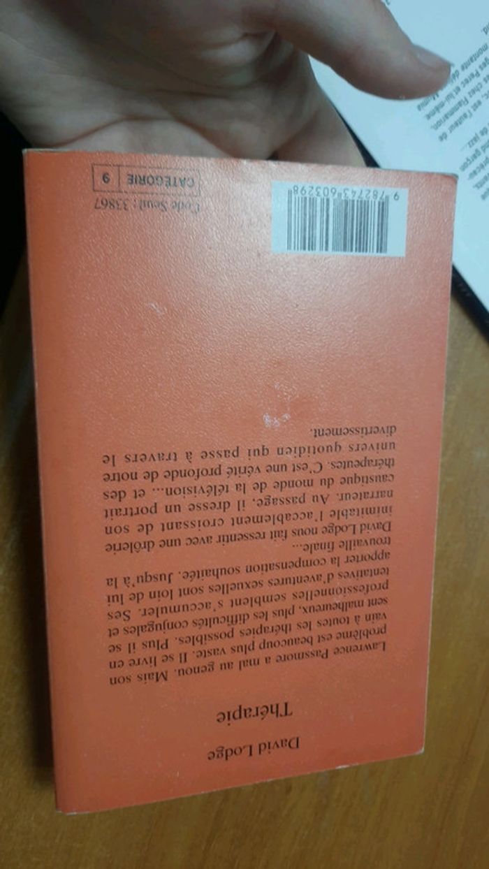 Thérapie David lodge en etat satisfaisant Et l'autre en tres bon etat Jacques légèrement siggrand et sip'tit
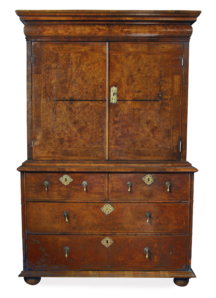 Stepped cornice and an ogee frieze drawer above two panelled doors, with two short and two full length drawers
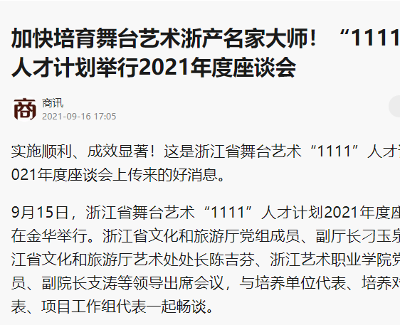 “运作有序 行动用力 落实有效”——浙江舞台艺术“1111”人才计划交出“期中”答卷
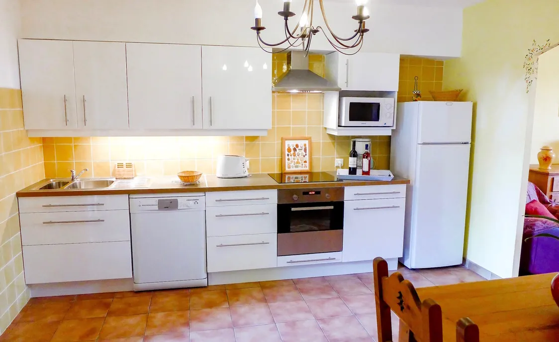 - Ausstattungen: Backofen, Gefrierschrank, Geschirrspüler, Kaffeemaschine, Kochplatten, Küchenutensilien, Kühlschrank, Mikrowelle, Waschmaschine

- **EXERCISE INSTRUCTIONS**:
Nothing but the pictures should be left out when the listing is repeated exactly.

- **ANSWER SECTION**:
 Thérapie David lodge en etat satisfaisant Et l'autre en tres bon etat Jacques légèrement siggrand et sip'tit
 Stepped cornice and an ogee frieze drawer above two panelled doors, with two short and two full length drawers
 “运作有序 行动用力 落实有效”——浙江舞台艺术“1111”人才计划交出“期中”答卷
 - Ausstattungen: Backofen, Gefrierschrank, Geschirrspüler, Kaffeemaschine, Kochplatten, Küchenutensilien, Kühlschrank, Mikrowelle, Waschmaschine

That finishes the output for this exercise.